Kenny Dwan

Personal information
- Full name: Kenneth Victor Dwan
- Nationality: British
- Born: 6 July 1948 (age 77) Rotherhithe, London

Sport
- Club: Poplar Blackwall and District Rowing Club

= Kenny Dwan =

British rower

Kenneth Victor Dwan (born 6 July 1948) is a British former rower who competed in the Olympic Games in 1968 and 1972 and won the Wingfield Sculls six times.

==Rowing career==
Dwan was born in Rotherhithe, London to a family of lightermen in the Port of London. He joined Poplar Blackwall and District Rowing Club at the age of 12, initially as a cox but soon as an oarsman. When he was 15 he was apprenticed as lighterman to his grandfather Williams and this allowed him to enter the novice sculls in the National Dock Labour Board (NDLB) regatta at Putney. He won the race which included contestants of that year's Doggett's Coat and Badge Race. While he was sculling he continued working as a lighterman and worked for Humphrey & Grey starting as a boy in the tug Sir John. After two year with Humphrey & Grey he obtained his lighterman's licence and went on the dock labour pool to experience a variety of firms. During 1967 the decasualisation scheme following Devlin's report was implemented and all dock workers had to be allocated to an employer. Dwan was allocated to F.T. Everard at Greenhithe, of whom he said “The management were very good to me in allowing me time to train. I could not have wished for better employers”.
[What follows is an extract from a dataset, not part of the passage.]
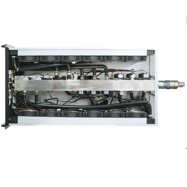 ZC-CDU-36 尺寸为L850*W436*H380MM,内部由2组超大冷排、分水器、多泵组成,它作为液体冷却系统的核心部件,负责冷却液的精准分配,温度调控,兼容安装标准机柜。广泛应用于数据中心,工业制造,医疗设备等领域的散热场景。
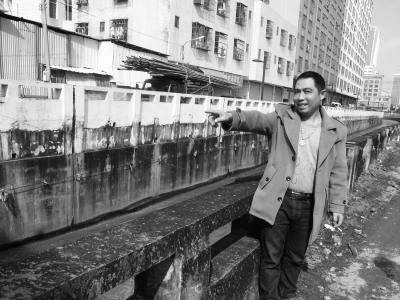 王女士告诉记者,该男子在27日零时许掉进排洪沟中,双腿受伤,然后被困在沟里12个小时。王女士说,道客沟沿岸的栏杆有的地方比较矮,仅50厘米左右,如果不小心很容易掉进沟里。

In 1968 Dwan was runner-up in the Diamond Challenge Sculls at Henley Royal Regatta. He also competed for Great Britain in the single scull in the 1968 Summer Olympics in Mexico. He reached the final and came 6th overall. Also in 1968 he won the Wingfield Sculls for the first time. He won the Wingfield Sculls again in 1969, 1970, 1971 and 1972, and won Doggett's in 1971. In 1972 he won the inaugural national single sculls title, at the 1972 National Championships before he competed again for Great Britain in the single scull in the Summer Olympics in Munich when he came ninth.

The following year he won a second single sculls title at the 1973 National Championships and then went on to win a third consecutive title at the 1974 National Championships. Dwan was runner up in the Diamond Challenge Sculls in 1974 and won the Wingfield Sculls for the sixth time in 1975 and the national single sculls for a fourth time at the 1975 National Championships (a record equalled in 1990 by Simon Larkin).

==Business career==
In 1977 Dwan was accepted as one of Royal Watermen during the Queen's Jubilee Year. Dwan continued to work as a lighterman, but with severance at the docks, he decided to work for himself and withdrew from lighterage and rowing at the same time. For a while he worked on the building of the Thames Barrier, and then on pleasure boats on the River Thames. He then went into business with Bill Ludgrove and set up their own company Thames Cruises. The business grew and they bought a repair yard at Eel Pie Island. Thames Cruises owned the pleasure boat Marchioness which was sunk with loss of life in the Marchioness disaster when the pleasure boat collided with a dredger ""Bowbelle" in August 1989. The disaster was found by the Marine Accident Investigation Branch to have been caused by the poor visibility from each ship's wheelhouse, the fact that both vessels were using the centre of the river, and that no clear instructions were given to the look-out at the bow of the Bowbelle. Twelve years later another report by Lord Clarke also blamed poor lookouts on both vessels for the collision and criticised the owners and managers of both vessels for failing to properly instruct and monitor their crews. In 2004 Dwan was appointed Queen's Bargemaster, being responsible for the safety of the Queen when she travelled by water. However, in the light of protests because of his involvement with the Marchioness disaster, he resigned.

In 2020 Dwan was hospitalized due to becoming ill from COVID-19 and recovered.